You remember. "What do we do now?"
Redford's character was politically naive where Obama has already been toughened by a career in politics. He probably knows damn well what's next.
In any case, now that the 2008 election is nearly history, it seems right to take a glance in the rear-view mirror of our campaign bus and check out two classic election films.
"The Candidate" really established the genre 36 years ago, giving us Robert Redford at the height of his charismatic on-screen presence as a JFK-like California senatorial candidate who wants to run on issues but ends up running on great hair and piercing eyes. It's a good study of the quest for charisma in our candidates that has lead us to the success of Obama. By the way, the New York Time's A.O. Scott has a wonderful retrospective look at this film posted today with lots of clips. Check it out.
Then, just over a quarter of a century later, we got "Primary Colors" with John Travolta standing in for that horny guy who couldn't keep it zipped on the campaign trail or in the Oval Office and his wife who was the discipline behind the team. So those are the two nominees on our ballot. Let's see who's got the goods to win this cinematic election -- Redford/Obama or Travolta/Clinton.

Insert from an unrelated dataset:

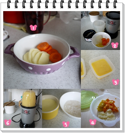 小兔子四個月時保姆就迫不及待開始餵他副食品了.牛奶裡加了米精. 每天也有下午茶點心時光試吃各種水果泥.己經嚐過的有蘋果,葡萄,芭樂,柳丁,桃子,梨子,香蕉,木瓜.不是打成果汁就是磨成泥.據保姆說,香蕉是他的最愛. 剛開始要稀釋,加了水後的蘋果泥稀稀的加上還不會吞嚥這個動作, 餵很久才吃完大人一口份量的水果泥而且附上邊吃邊流滿嘴的恐怖吃相.

The Challenger. The film comes from quite a pedigree: political writer Joe Klein wrote the book (originally as "Anonymous"), and the film was written by Elaine May and directed by Mike Nichols. Everything inside is paper-thin disguised as being about the 1992 Clinton campaign for the White House. John Travolta's Jack Stanton loves politics just like the real character he's based on and really cares about people, some of them so much he can't resist having sex with them. The reason to watch the film today, of course, is for insight into the Hillary character, Susan Stanton, as played by Emma Thompson (if you can get past how her repression of her British accent seems to give her Susan a sort of non-American blandness).
Travolta's impression of our former president is a little too slow and scratchy and never quite nails down this character as someone who could win the presidency despite some huge errors in personal judgment. There's a great moment when Susan Stanton up and slaps the hell out of her husband's face after his latest infidelity: it's surprising and it's what you would hope Hill actually did to Bill at some point. However, this is a film that doesn't actually pick sides: Clinton haters will see it as proof that Bill was barely a moral level above pond scum, and Clinton lovers will see it as proof of his humanity, however flawed and imperfect. I would love to see what this team could do with the 2008 Hillary campaign, though, because I bet it provided just as much material as Bill's 1998 one did.